И страшная вина падает за это, конечно, не на народ - а на власть, на царскую власть, в последнем царствовании предавшуюся хлыстовским радениям вокруг Распутина. Власть возжелала припасть к иррациональным, хтоническим глубинам в надежде обрести там единение с мистической силой народа. Это была провокация: власть провоцировала в народе темнейшие его психические пласты, вызывала их наружу. Она, власть, отвергла культуру в пользу непроясненной мистики, Диониса предпочла Аполлону. Это величайший ее грех. И наказание последовало страшное. Не Белобородов и Юрковский творили казнь в подвале Ипатьевского дома, а разгневанные эриннии судеб.

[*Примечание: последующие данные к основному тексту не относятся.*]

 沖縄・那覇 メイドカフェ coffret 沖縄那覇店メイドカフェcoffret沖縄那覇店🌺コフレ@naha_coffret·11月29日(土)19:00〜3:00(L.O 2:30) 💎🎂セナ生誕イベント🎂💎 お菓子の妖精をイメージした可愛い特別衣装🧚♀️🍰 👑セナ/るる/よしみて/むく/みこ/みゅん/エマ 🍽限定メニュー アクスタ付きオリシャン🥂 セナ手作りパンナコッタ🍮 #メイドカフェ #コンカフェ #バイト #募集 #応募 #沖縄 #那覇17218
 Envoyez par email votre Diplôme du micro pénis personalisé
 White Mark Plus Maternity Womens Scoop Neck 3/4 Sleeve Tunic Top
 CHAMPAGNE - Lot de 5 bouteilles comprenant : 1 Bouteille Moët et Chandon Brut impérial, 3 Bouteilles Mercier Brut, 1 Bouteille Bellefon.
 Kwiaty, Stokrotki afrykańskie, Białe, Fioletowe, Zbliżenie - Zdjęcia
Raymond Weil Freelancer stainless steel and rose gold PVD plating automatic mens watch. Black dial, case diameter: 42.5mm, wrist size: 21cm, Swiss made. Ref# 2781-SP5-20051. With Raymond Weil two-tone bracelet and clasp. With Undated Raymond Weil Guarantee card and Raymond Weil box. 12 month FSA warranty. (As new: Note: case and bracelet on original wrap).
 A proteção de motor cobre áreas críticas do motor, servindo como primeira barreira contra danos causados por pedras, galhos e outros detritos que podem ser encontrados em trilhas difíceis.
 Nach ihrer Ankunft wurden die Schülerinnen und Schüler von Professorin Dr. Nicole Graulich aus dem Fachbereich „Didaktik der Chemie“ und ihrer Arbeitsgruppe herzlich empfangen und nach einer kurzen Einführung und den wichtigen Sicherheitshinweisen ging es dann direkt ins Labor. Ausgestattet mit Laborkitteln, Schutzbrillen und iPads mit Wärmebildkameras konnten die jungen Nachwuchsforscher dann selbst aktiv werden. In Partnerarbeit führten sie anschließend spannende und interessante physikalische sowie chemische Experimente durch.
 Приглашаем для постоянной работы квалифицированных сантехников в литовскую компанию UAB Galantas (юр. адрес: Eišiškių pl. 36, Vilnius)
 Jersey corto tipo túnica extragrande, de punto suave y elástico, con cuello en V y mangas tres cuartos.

Здесь мне хочется привести одно высказывание французского философа Жака Деррида. Его слова могут показаться смутными, но, уверяю вас, всё это имеет самое прямое отношение к нашему делу:
"Основоположное означаемое никогда не дано, смысл представленного бытия, а тем более сама вещь никогда не даны нам "как таковые", вне системы знаков, вне игры... В системе есть такая точка, в которой означающее уже не может замещаться своим означаемым, и поэтому ни одно означающее не может быть просто означаемым. Ведь на эту точку незаменимости ориентирована вся система означения: именно в ней основоположное означаемое выступает как обетованный итог всех отсылок и скрывается, как то, что могло бы единым движением разрушить всю систему знаков. На нее указывают и одновременно ее запрещают все знаки... Эта точка не существует, она навсегда скрыта, или, что то же самое, навсегда вписана в то, чего она должна (была бы) избежать, следуя нашему неустранимому пагубному желанию".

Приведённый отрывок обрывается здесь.